Но это было далеко не так. Позднее, ночью, после того, как последние ракеты улетели в пригородный космос и потух последний бенгальский огонь, и Моана удалось затолкать в постель, и все дядюшки и тетушки и пожилая миссис Мукти разбрелись по своим комнатам, и Свати, с ее характерным зеванием, похожим то ли на вздох, то ли на вскрик, свернулась калачиком в кровати и провалилась в пропасть бессознательного, Шива остался восседать на остроконечном утесе беспокойства, чувствуя, как мрак вокруг дома наполняется духами умерших. Его отец, еле волоча ноги, прошел вдоль Кресент со стороны автобусной стоянки в Стэнморе. На нем были белые фирменные лунги и твидовый пиджак, под мышкой торчал зонт, обернутый в номер «Таймс», — будто ракета с эфемерной боеголовкой.
Дилип Мукти, должно быть, изрядно надорвал спину на почве религии предков, но не мог от нее окончательно избавиться. И хотя с возрастом он сумел осознать это, его сына забавлял политеистический характер отцовского рационализма и приводила в бешенство очевидная фальшь, позволявшая ему консультироваться с астрологами, одновременно понося их. «Наша вселенная гелиоцентрична, Шива, — говорил сыну Дилип. — Эти идиоты с их допотопной абракадаброй, они не только верят, что Солнце вращается вокруг Земли, они на этом еще и неплохо зарабатывают!»
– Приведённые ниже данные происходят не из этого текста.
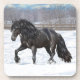 Schwarz Friesischer Licht Zugpferd in Schnee.
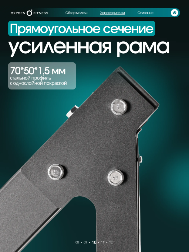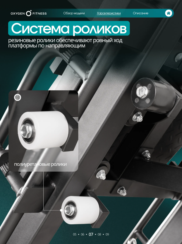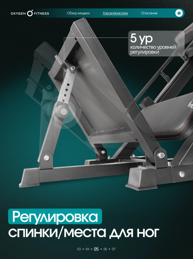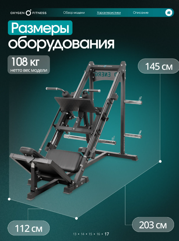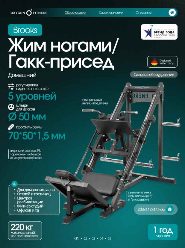 OXYGEN FITNESS BROOKS - это мощный комбинированный тренажёр для жима ногами и гакк-приседа, рассчитанный на домашнее использование, но выполненный на уровне профессионального силового оборудования. Конструкция работает со свободными весами, обеспечивая естественную биомеханику и точную нагрузку на мышцы нижней части тела. Продуманный угол платформы (45°) и жёсткая рама делают тренировки безопасными, стабильными и комфортными даже при интенсивных нагрузках. Максимальный вес пользователя —220 кг. Основа тренажёра — усиленная стальная рама квадратного профиля 70×50 мм с толщиной стенки1,5 мм, обеспечивающая жёсткость и долговечность. Рабочая платформа для ног размером 52×28 см даёт уверенную опору для всех видов постановки стопы. Сиденье эргономичное: наполнено PU-пеной, обито износостойкой искусственной кожей. Размеры подушек: • спинка — 65×36×5 см, • сиденье — 50×26×5 см. Дополнительно тренажёр оснащён: • 4 накопителями для дисков Ø50 мм, • 6 пружинными замками, • 2 неопреновыми валиками Ø90, • обрезиненными ручками для комфортного хвата. Посадочный диаметр для дисков —51 мм. Габариты в рабочем положении: 203 × 112 ×145 см. Вес нетто —108 кг. Тренажёр позволяет выполнять два ключевых упражнения: • Жим ногами под углом 45°, • Гакк-присед. Проработка мышц: • квадрицепс, • бицепс бедра, • ягодичные мышцы, • приводящие и отводящие мышцы бедра, • икроножная и передняя большеберцовая мышцы, • прямая мышца живота, • прямая мышца спины. Такой охват делает BROOKS полноценным решением для укрепления ног и корпуса.

Дилип Мукти был ярым приверженцем научных теорий социального развития; позитивизм, марксизм, кейнсианство[29] — для него ни на йоту не имело значения, на каких общепринятых политических призраках эти пророки основывались. Чтобы занять место в его сознании, от учений требовалось одно: объяснять человеческий феномен в терминах физических процессов. То же самое с чистыми науками: Дарвин, Эйнштейн, Гейзенберг, Крик и Уотсон — эти удивительные люди боролись с темными силами иррационального, а потому его отношение к ним было глубоко свято. При жизни Дилипа, угол основной спальни служил святыней для его божеств. Гипсовые бюсты Маркса и Конта, фотографии Фридмана и Кейна, тома «Капитала» и «Происхождения видов». Он даже подготовил свой собственный, переделанный, секуляризованный обряд пуджа: зачитывал вслух ключевые пассажи из газетных вырезок, прикрепив их под опухшими бровями философа немецко-еврейского происхождения.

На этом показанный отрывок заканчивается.